Financial & competing interests disclosure
SH Fox has received financial support for clinical studies; consultancy and speaker fees from Astra Zeneca, Avanir, Eisai, Kyowa, Merz, Merck Serono, Novartis, Teva, Zambon. Funding sources for research from CIHR, Michael J Fox Foundation for Parkinson Research and Parkinson Society Canada, NIH. Salary support from UHN Department of Medicine Practice Plan.

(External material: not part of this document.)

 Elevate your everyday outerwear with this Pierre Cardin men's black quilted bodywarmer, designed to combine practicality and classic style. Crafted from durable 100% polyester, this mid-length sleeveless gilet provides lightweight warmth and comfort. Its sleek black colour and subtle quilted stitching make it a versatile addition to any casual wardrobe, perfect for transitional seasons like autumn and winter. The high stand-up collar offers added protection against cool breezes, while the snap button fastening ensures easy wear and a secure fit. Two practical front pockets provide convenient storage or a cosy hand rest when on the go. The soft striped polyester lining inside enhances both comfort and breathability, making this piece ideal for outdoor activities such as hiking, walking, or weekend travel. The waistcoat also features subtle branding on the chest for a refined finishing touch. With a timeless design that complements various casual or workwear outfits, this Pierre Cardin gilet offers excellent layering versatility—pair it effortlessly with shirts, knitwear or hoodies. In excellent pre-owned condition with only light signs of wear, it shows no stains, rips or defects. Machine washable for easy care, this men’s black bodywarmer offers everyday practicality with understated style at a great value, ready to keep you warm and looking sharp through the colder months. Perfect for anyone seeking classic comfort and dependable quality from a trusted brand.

The authors have no other relevant affiliations or financial involvement with any organization or entity with a financial interest in or financial conflict with the subject matter or materials discussed in the manuscript apart from those disclosed.

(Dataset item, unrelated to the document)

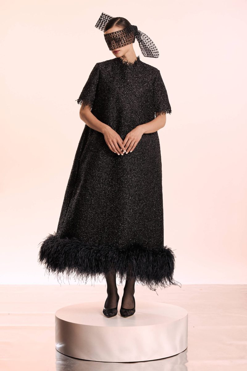 The silver thread inserted into the black fabric make this dress sparkle like a constellation. The A-line shape of the dress is due to the crinoline lining that supports the dress’s harmonious form. At the bottom, it has a finish of luxurious feathers.

No writing assistance was utilized in the production of this manuscript.
Key issues
Levodopa remains the most effective drug for all Parkinson’s disease symptoms.
Improved availability via new nasal, subcutaneous and intrajejunal strategies may improve bioavailability and benefit in certain Parkinson’s disease subjects.

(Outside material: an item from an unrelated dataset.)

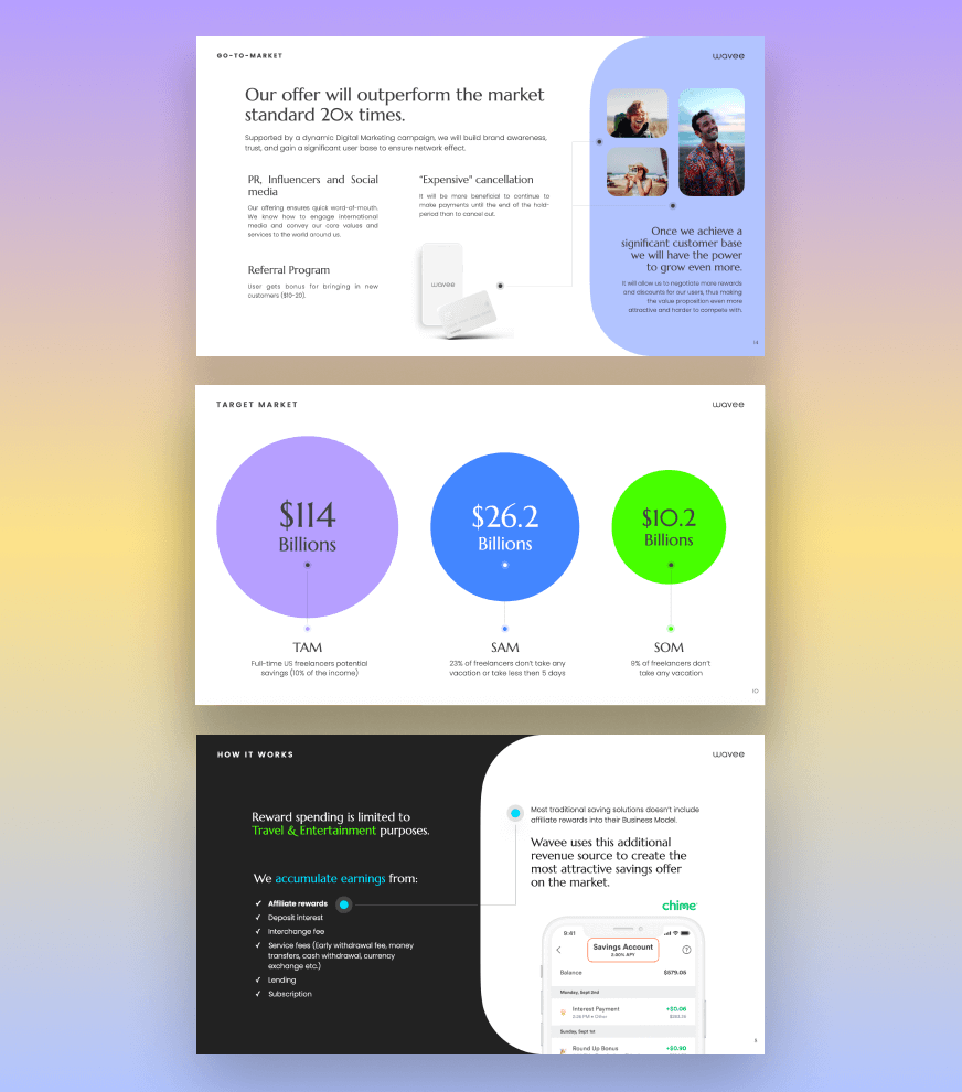 Product visuals, UI mockups, and iconography were integrated to support the story without overwhelming it. Every visual element had a clear purpose: reinforcing credibility, simplifying complexity, and helping investors quickly understand how WireBee works and how it makes money.

Improved duration of action of levodopa can be achieved with COMT-I (Opicapone), ODM-101, and MAOB-I (rasagiline, safinamide).
Adenosine A2A antagonists may improve levodopa duration of action, but also induce levodopa-induced dyskinesia.
Treatments for levodopa-induced dyskinesia continue to target overactive glutamatergic neurotransmission (e.g., long-acting amantadine, mGluR5 antagonists) but with variable efficacy.
Other non-dopaminergic targets, to date, have not proven consistently efficacious in randomized controlled trials.
Levodopa-resistant gait and balance symptoms remain difficult to treat; noradrenergic targets using L-threo-3,4-dihydroxyphenylserine and methylphenidate have had variable outcomes.